Após a publicação do texto Por uma Defensoria (sempre) profanada [1], acabei recebendo retornos bem interessantes. Para além de membros da carreira defensorial, magistrados, professores e acadêmicos acabaram encontrando um convite para a possibilidade de uma vida jurídica profanada. O que, para mim, soou como uma grata surpresa, já que, de uma reflexão institucional crítica, acabara surgindo uma provocação para o ethos jurídico em geral.

Não obstante esse agradecido retorno, na perspectiva original, focando no público dos membros e membras da Defensoria Pública, e potenciais corajosos(as) para se juntar nessa peleja contramajoritária, percebi que, nesse recorte dos feedbacks, muitos tinham a expectativa de imediatas respostas para aquela desconstrução. Não foram poucos que, após lerem e concordarem com as críticas, sentiram um hiato específico quanto às respostas. Pois, se a Defensoria não deveria se encastelar, e evitar o risco de se tornar uma instituição autorreferente, o que poderia ser feito?

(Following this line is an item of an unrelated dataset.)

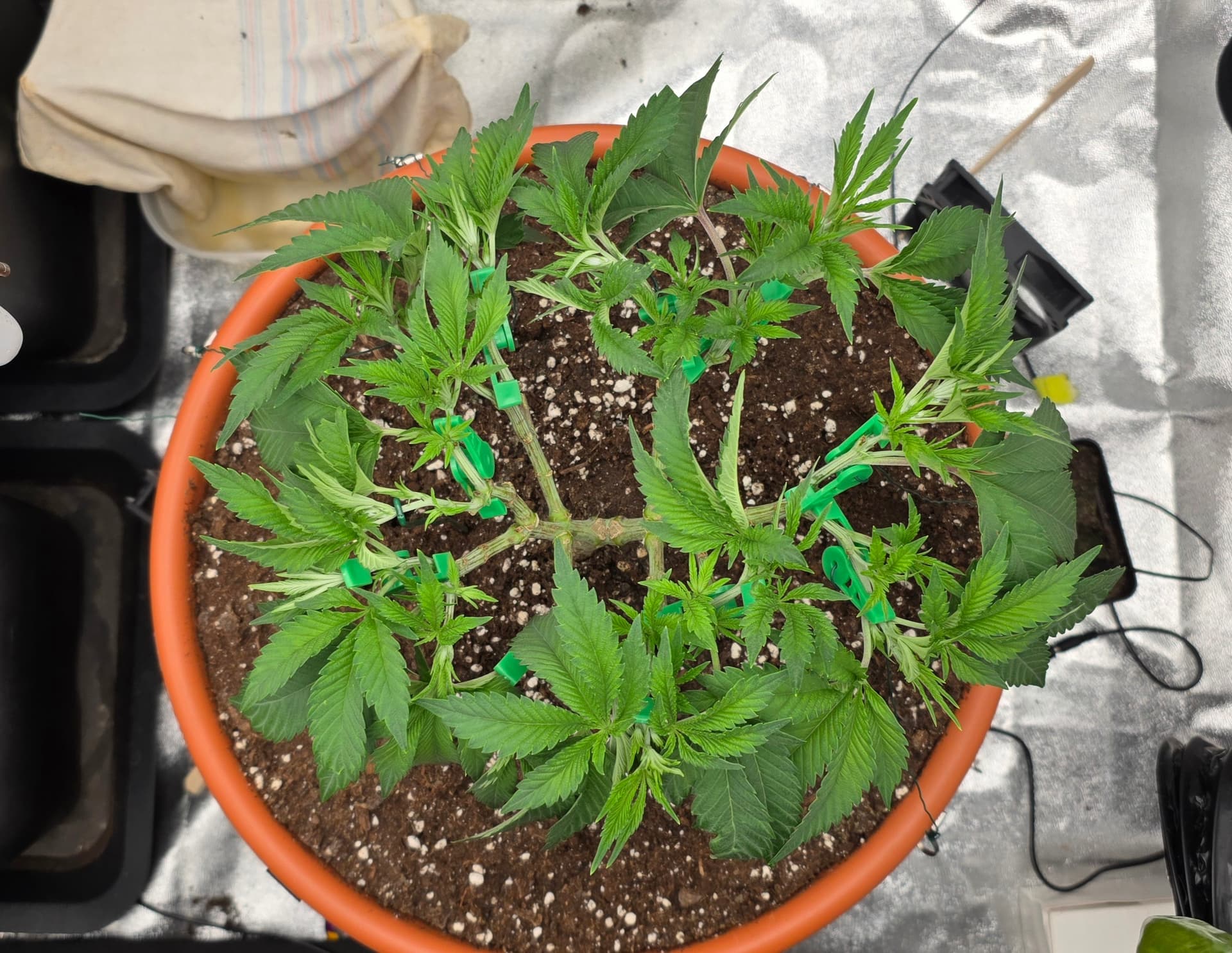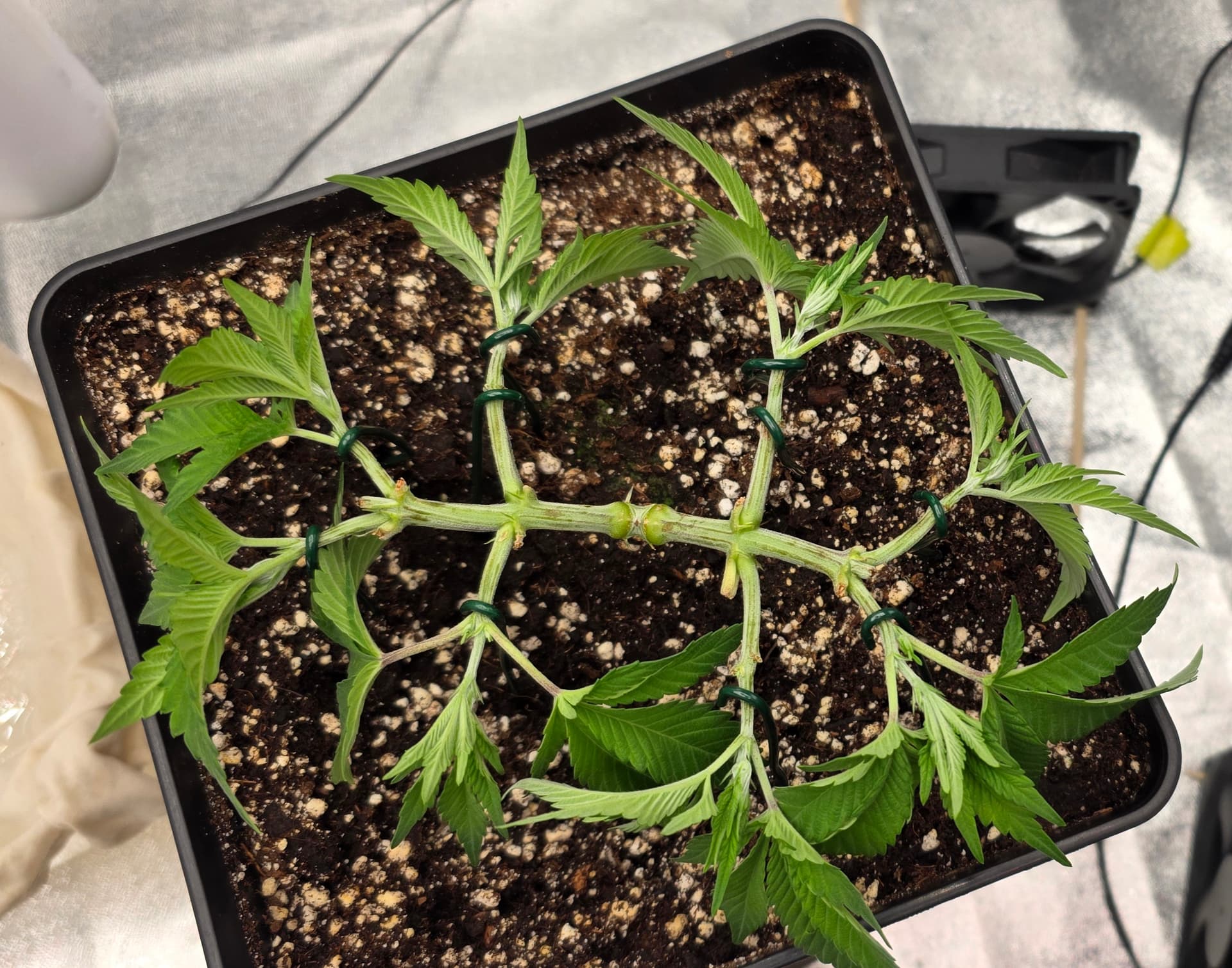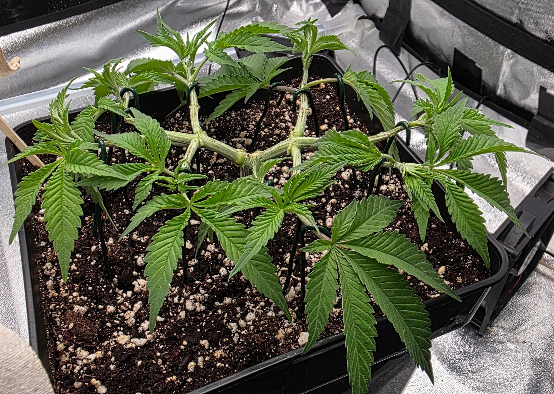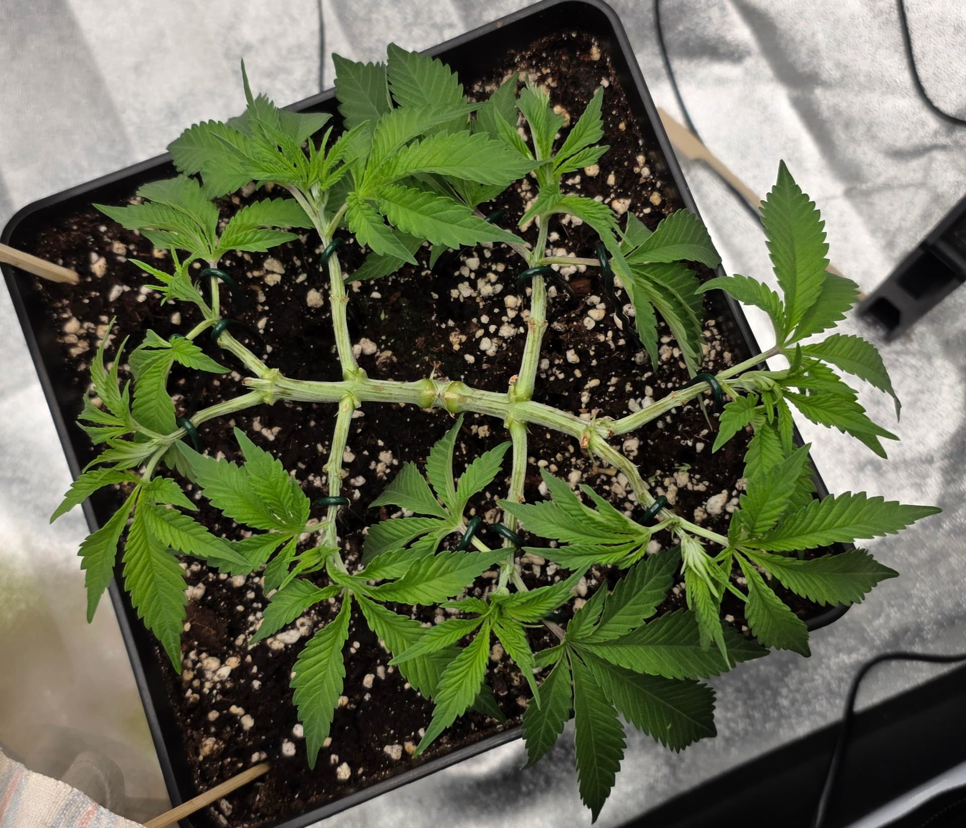 Training/Topping klar, so 8 Haupttriebe sollten es schon werden + was es da so an Nebentrieben nach oben schafft …

De pronto, sem querer frustrar esse grupo de pacientes leitores e leitoras, já esclareço, com a transparência devida, que, nesse texto, ainda não serão apresentadas as decifrações desse enigma. E, assim o faço, não por falta de delineamento das soluções (possíveis tentativas) — que são várias, multifacetadas e complexas, com meandros sensíveis —, mas por compreender que, sequer, o exercício inicial, dessa anamnese institucional, fora devidamente iniciado. Obviamente, nessa coluna, não há objetivo para exaurir o tema. Porém, mesmo um mero exercício de oxigenação na práxis defensorial exige, em respeito à intelectualidade e ao tempo de quem pacientemente lê, uma provocação que não se espraie de maneira rasa e irresponsável.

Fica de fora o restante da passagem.